People jump off that particular bridge for a lot of reasons. Maybe most important, it's convenient. Death is right there, waiting. The railing is only four feet tall; the fall is only four seconds long.

It doesn't hurt that it's such a pretty spot and it's romantic-feeling, and that maybe for the first time in their lives, the suicidal don't feel so alone there. On that bridge, they're finally part of something, this massive vanquished army, growing by the dozens every year.

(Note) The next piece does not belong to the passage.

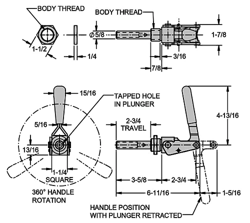 Compact plunger clamp for mounting through panels, plates, or angle brackets. Install in a 1"-diameter drilled hole or a 1"-14 tapped hole (M27x2 in metric), securing with the locknut provided. Rotate clamp to position handle anywhere within 360?. Standard tapped-plunger version locks in extended or retracted position. 2-5/8" plunger travel. Plunger is tapped to accept any 3/8-16 spindle (M10 in metric). Optionally available with patented self-adjusting plunger. 700 lbs holding capacity.

And strangely, perhaps, many of them probably jump off that bridge because it gives them an outside chance of living. The bridge takes the matter out of their hands, as though it's not their decision anymore: If they were meant to live, if this were all some terrible mistake, then maybe they would survive. It's unlikely, but it's possible—it's possible for a man, even a man aiming to kill himself, to jump off that bridge at such an angle, at such a velocity, and not be exploded by the water but embraced by it.

The truth is, if you were totally positive that you wanted to die, if you were 100 percent certain, then there are better ways to guarantee it: shooting a bullet into your brain (not front to back, but side to side) or lying down on train tracks (not standing, but with your head resting on a rail) or jumping off something higher, with a harder landing. If you really wanted to kill yourself, you could do it. But sleeping pills, carbon monoxide, jumping off the Golden Gate Bridge—those methods, more peaceful, more serene, also provide that chance, however slim, that you might open your eyes and be alive. There's that tiny chance for a different kind of escape.

I thought all those things when I stood in the middle of that bridge one sunny, nearly perfect day in June more than three years ago. I thought all those things when I pulled myself tight against the railing and tried not to cry, choking on it so that no one would become suspicious or try to stop me. There were smiling people standing all around me, ice-cream-eating tourists thinking how beautiful everything was, pointing to spots on the horizon. I looked just like them, except that my eyes were pointed straight down. I looked at the water, and I thought about my parents, my wife, my sons back home, maybe having their dinner on their little plastic plates or playing in their inflatable pool, and more inanimate things, too: my suitcase in my hotel room, my glasses on the bathroom counter, my half-finished book on the nightstand with its corner folded over, page 164. Who would pack up my clothes and send them home? Would the police do that, or would it be a hotel employee, a maid or a concierge?

But mostly, I thought about jumping off that bridge because it seemed like exactly the right thing to do.